Lu Xin'ou revint avec la patronne, qui apportait des spirales et un briquet. Elle les alluma habilement et posa le support métallique dans un coin. En relevant la tête, elle vit Chi An se gratter encore. Elle sourit d'un air désolé : « Désolée, les jeunes, il y a du monde aujourd'hui et on n'a pas eu le temps de traiter la salle. »

« Ça ne colle pas, An Zai. Des piqûres de moustique ne te mettent pas dans cet état. Tu ne ferais pas une réaction allergique ? » Bai Yi fronça les sourcils en fixant son cou. La peau rouge s'y était fractionnée en cinq ou six petits boutons. « Il n'y en avait qu'un tout à l'heure, et maintenant il y en a plusieurs. »

Chi An se figea. Il tâta et sentit effectivement plusieurs nouvelles bosses. Il retourna son poignet pour regarder : c'était pareil près du coude. L'endroit qu'il avait gratté trop fort ne formait déjà plus qu'une seule plaque.
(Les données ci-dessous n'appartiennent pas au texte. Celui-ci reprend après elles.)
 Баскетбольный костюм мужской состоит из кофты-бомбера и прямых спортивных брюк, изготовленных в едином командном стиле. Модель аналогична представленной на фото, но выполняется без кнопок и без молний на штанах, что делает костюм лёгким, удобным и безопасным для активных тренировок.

« … C'est vrai. » Le cœur de Chi An manqua un battement et il fronça les sourcils, désemparé. Enfant, il faisait des réactions allergiques inexpliquées. On avait fini par tester ses allergènes, et il en avait pas mal parmi les plus courants. Aussi, quand il mangeait dehors, il demandait en général avant.
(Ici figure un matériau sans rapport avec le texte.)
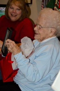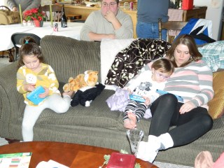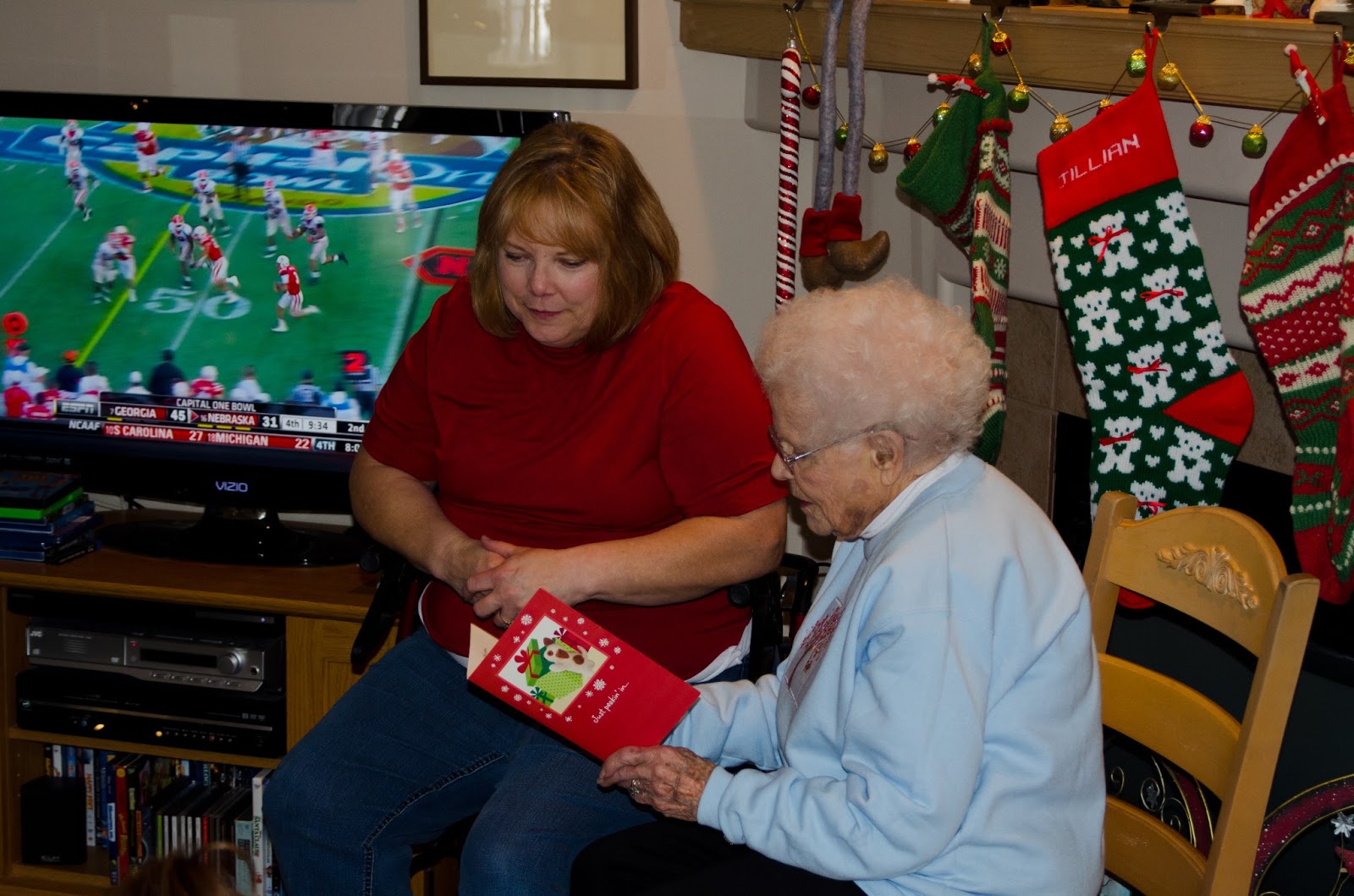 | Opening presents with Great Grandma Laura. Sorry about the game on TV Shaun. Just pretend the score isn’t visible. |

Mais il n'avait plus fait de crise depuis des années, et il avait toujours cru que c'était parce qu'il avait grandi et que ses défenses s'étaient renforcées. Il ne s'attendait pas du tout à ce que ça revienne aussi brusquement.

Les démangeaisons devinrent peu à peu insupportables et gagnèrent sa poitrine et ses jambes. Lu Xin'ou se leva aussitôt. « Viens, je t'emmène à l'hôpital. »
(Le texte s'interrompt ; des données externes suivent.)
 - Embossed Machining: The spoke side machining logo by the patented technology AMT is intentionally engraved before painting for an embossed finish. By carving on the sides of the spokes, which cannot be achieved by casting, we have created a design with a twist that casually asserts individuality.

« Je viens aussi, je viens aussi », ajouta Bai Yi.

« Ce n'est pas la peine. » Chi An fit un geste de la main. Sa réaction n'était pas particulièrement grave ; c'était surtout les démangeaisons, et il devait s'empêcher de se gratter. Rien d'autre n'allait de travers. « Je vais juste rentrer prendre mes médicaments. J'en ai à la maison. Continuez à manger, ne vous occupez pas de moi. »

« Comment veux-tu qu'on fasse ça ? »

« On ferait quand même mieux d'aller à l'hôpital. »

Chi An se leva, le ton détendu. « Vraiment, ce n'est pas la peine. C'est un vieux problème, je sais quoi faire. J'habite près de la fac, c'est à dix minutes en taxi. »

Il était ferme, alors les autres n'insistèrent pas. Bai Yi et Lu Xin'ou l'accompagnèrent en bas et lui hélèrent un taxi. « Appelle-nous si tu te sens mal. »

« Promis. » Chi An referma la portière. « Rentrez, vous. »

Le taxi démarra. Dehors, la nuit était complètement tombée. Chi An baissa la vitre et la fraîcheur nocturne s'engouffra. Le vent du soir sembla apaiser une seconde les démangeaisons, avant qu'elles ne reviennent de plus belle.

Il se grattait fébrilement le cou, les bras, la poitrine. Ses ongles pourtant coupés court s'enfonçaient dans sa peau, au point de presque percer les plaques. Par endroits, la peau s'était fendue et laissait perler de minuscules gouttes de sang, et le moindre contact devenait douloureux.